Work required: All pictures are to be omitted while the lines starting at the line with "每周,Farnam Street 的创始人" and ending at the line with "2025 여름 버튼 3" in the material below are retyped exactly, both ends included.

Exercise inputs:
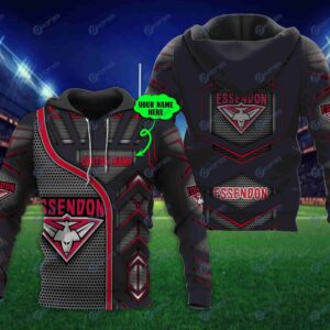 Personalized 3D Hoodie Essendon Football Club Afl 3D Metal Custom Name 3D All Over Print Zip Up Hoodie Option
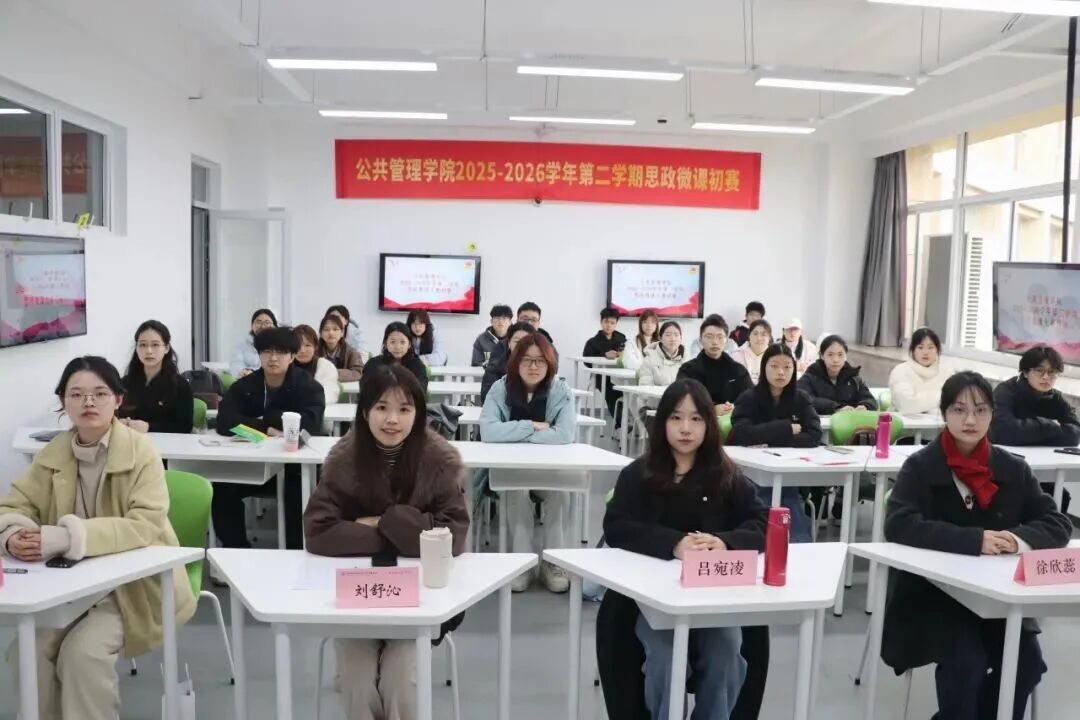 为全面贯彻党的二十大和二十届四中全会精神,深入贯彻落实习近平总书记在全国教育大会上的重要讲话精神和对学校思政课建设的重要指示精神,强化对高校团员和青年的思想政治引领,公共管理学院团委于3月3日在教学楼A213开展了2026年度思政微课大赛院级选拔。本次活动以“薪传浙财精神 奋进时代征程”为主题,分红色教育、发展成就、青春奉献三个微课赛道进行。公共管理学院团委书记刘舒沁老师、辅导员吴楷老师、团委副书记吕宛凌、徐欣蕊出席并担任比赛评委。
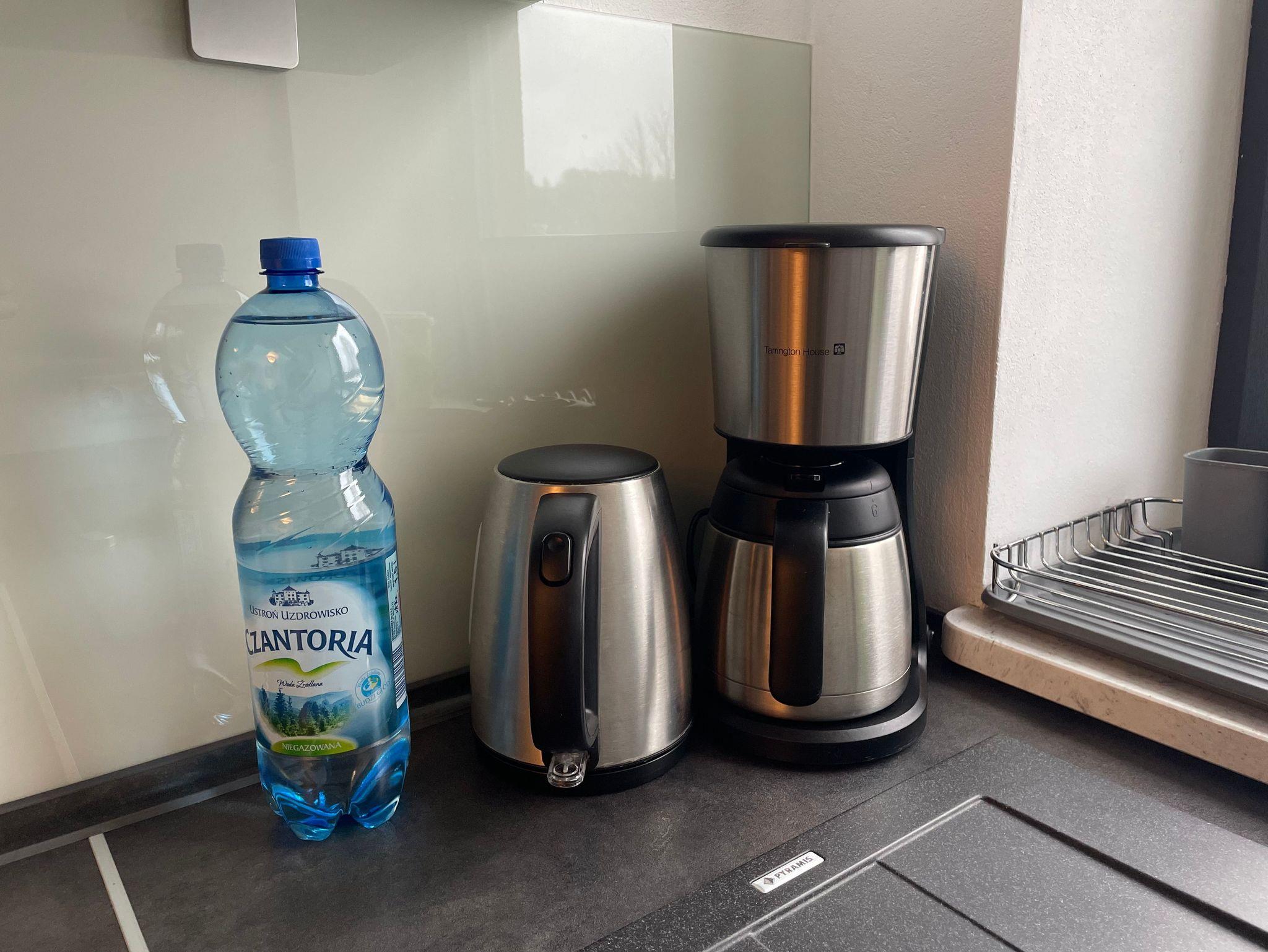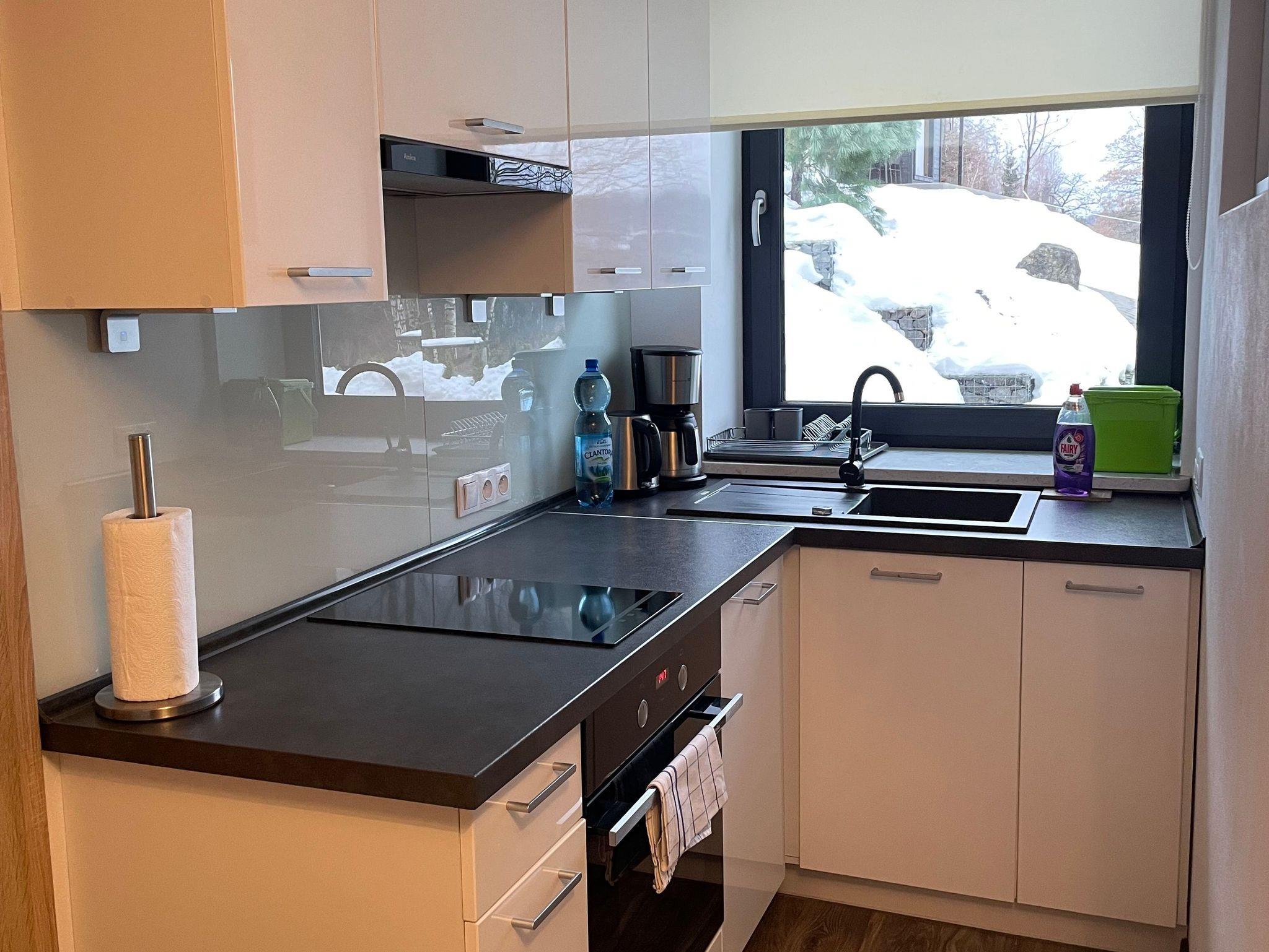 Küche voll ausgestattet mit Spülmaschine, Induktions-Kochplatten, Herd, Kühlschrank und Kaffeemaschine. Ausstattung: Geschirr, Besteck, Töpfe, Kaffe, Tee, Salz, Zucker, Pfeffer, Öl, Essig, Wasserflasche
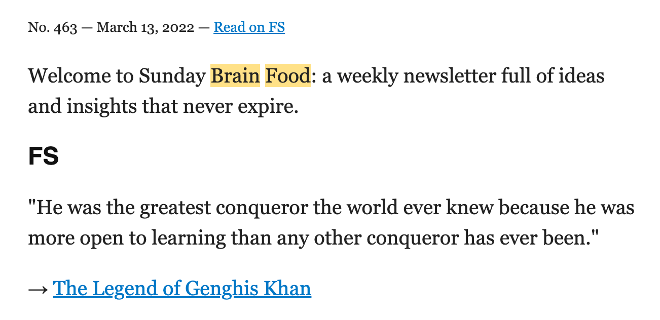每周,Farnam Street 的创始人 Shane 都会发送一份时事通讯,其中包括他当周发布的帖子:
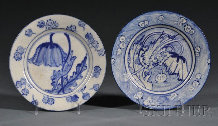 Two Dedham Pottery Poppy Plates Glazed earthenware
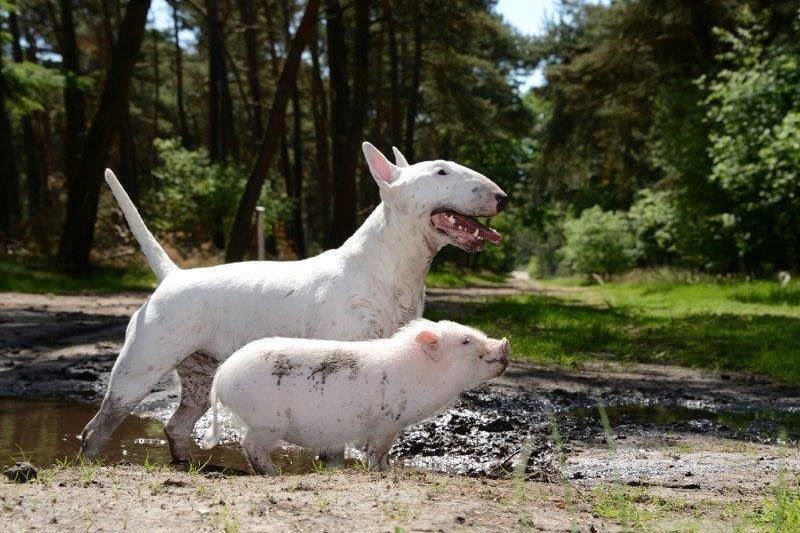 Английский бультерьер хорошо ладит с кошками?
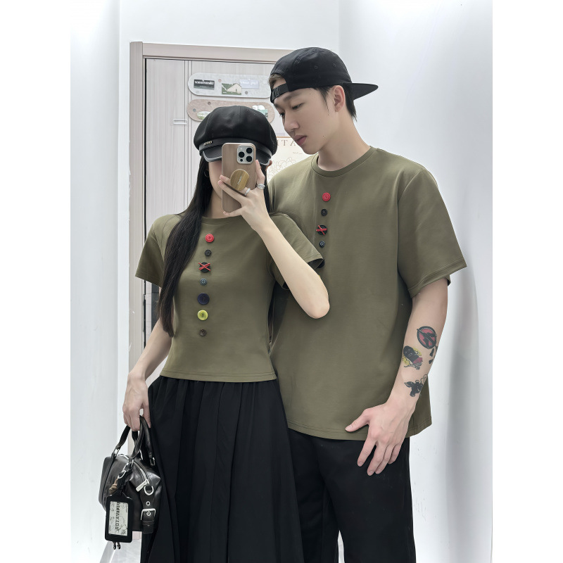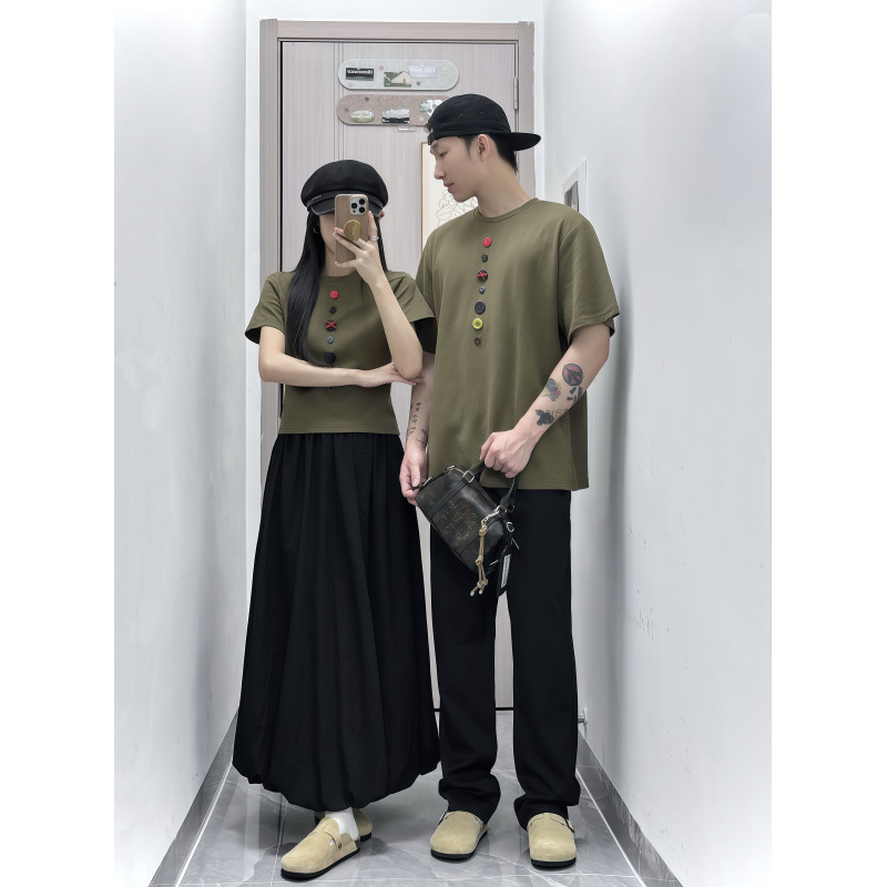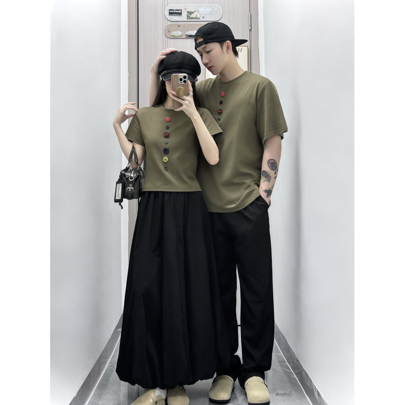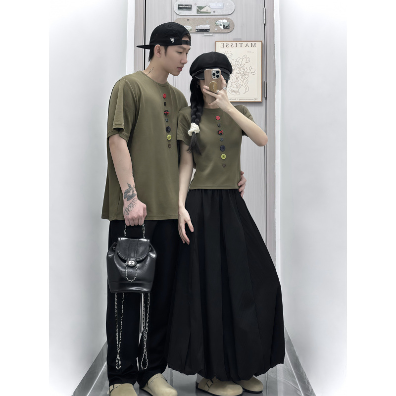 2025 여름 버튼 3 차원 장식 하나의 긴 짧은 어깨 티셔츠 꽃 봉오리 치마 연인 복장스토어 가기
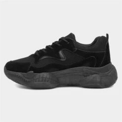 Designed by Truffle, these women’s trainers are a perfect choice for weekends, festivals and casual wear. They embrace a mesh and velvet black upper, finished with fine stitch detailing. These trainers also showcase a chunky, bubble gripped sole, as well as a spacious round toe front ensuring style as well as comfort. Their lace up fastening and pull tab to the counter keep your feet secure and are ideal for quick and easy fitting.
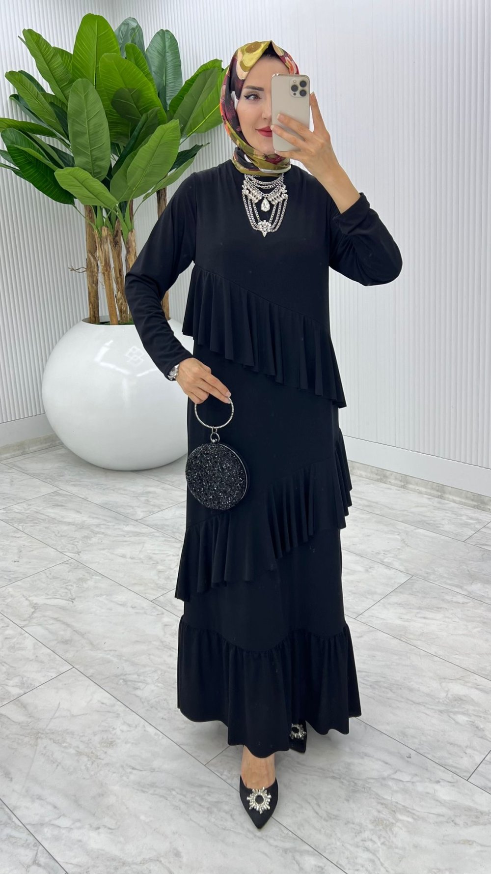 Siyah Premium Tijen Elbise Tesettür Giyim
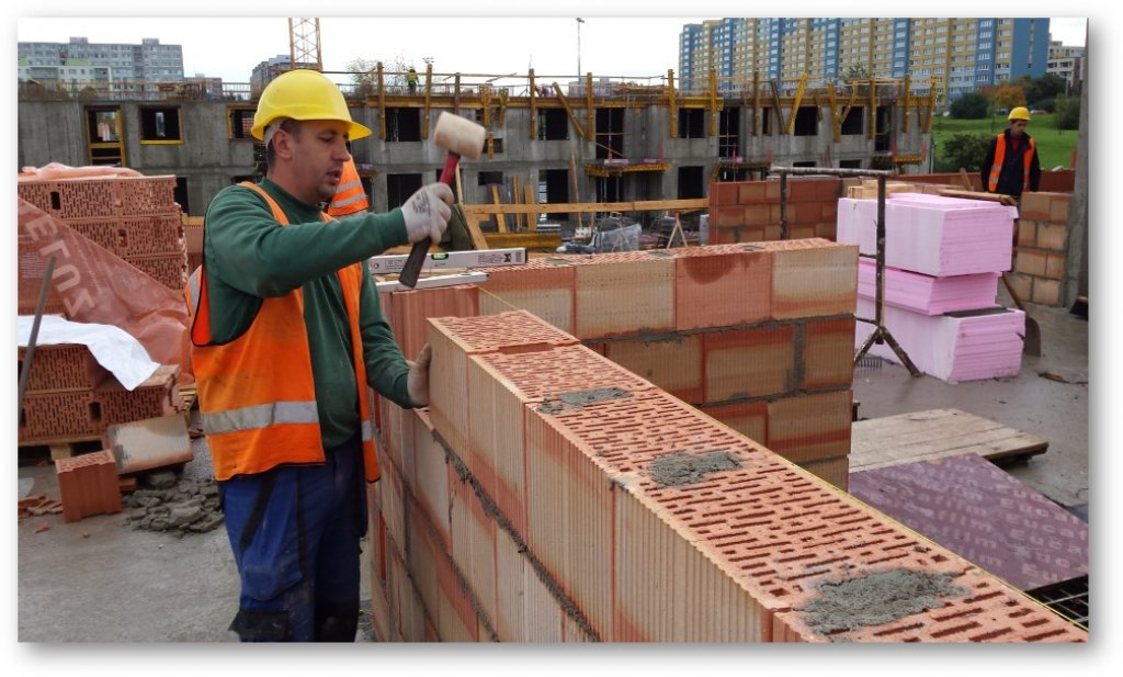 HELUZ ověřil funkčnost řešení na bytovém domě se stěnami z jednovrstvého zdiva HELUZ FAMILY 44 a železobetonovým stropem tloušťky 250 mm. Mezibytové stěny byly provedeny z cihel HELUZ AKU 30 MK, vnitřní akustické příčky z cihel HELUZ AKU 11,5. Zdění probíhalo na běžnou maltu.

Result of the exercise:
每周,Farnam Street 的创始人 Shane 都会发送一份时事通讯,其中包括他当周发布的帖子:
 Two Dedham Pottery Poppy Plates Glazed earthenware
 Английский бультерьер хорошо ладит с кошками?
 2025 여름 버튼 3 차원 장식 하나의 긴 짧은 어깨 티셔츠 꽃 봉오리 치마 연인 복장스토어 가기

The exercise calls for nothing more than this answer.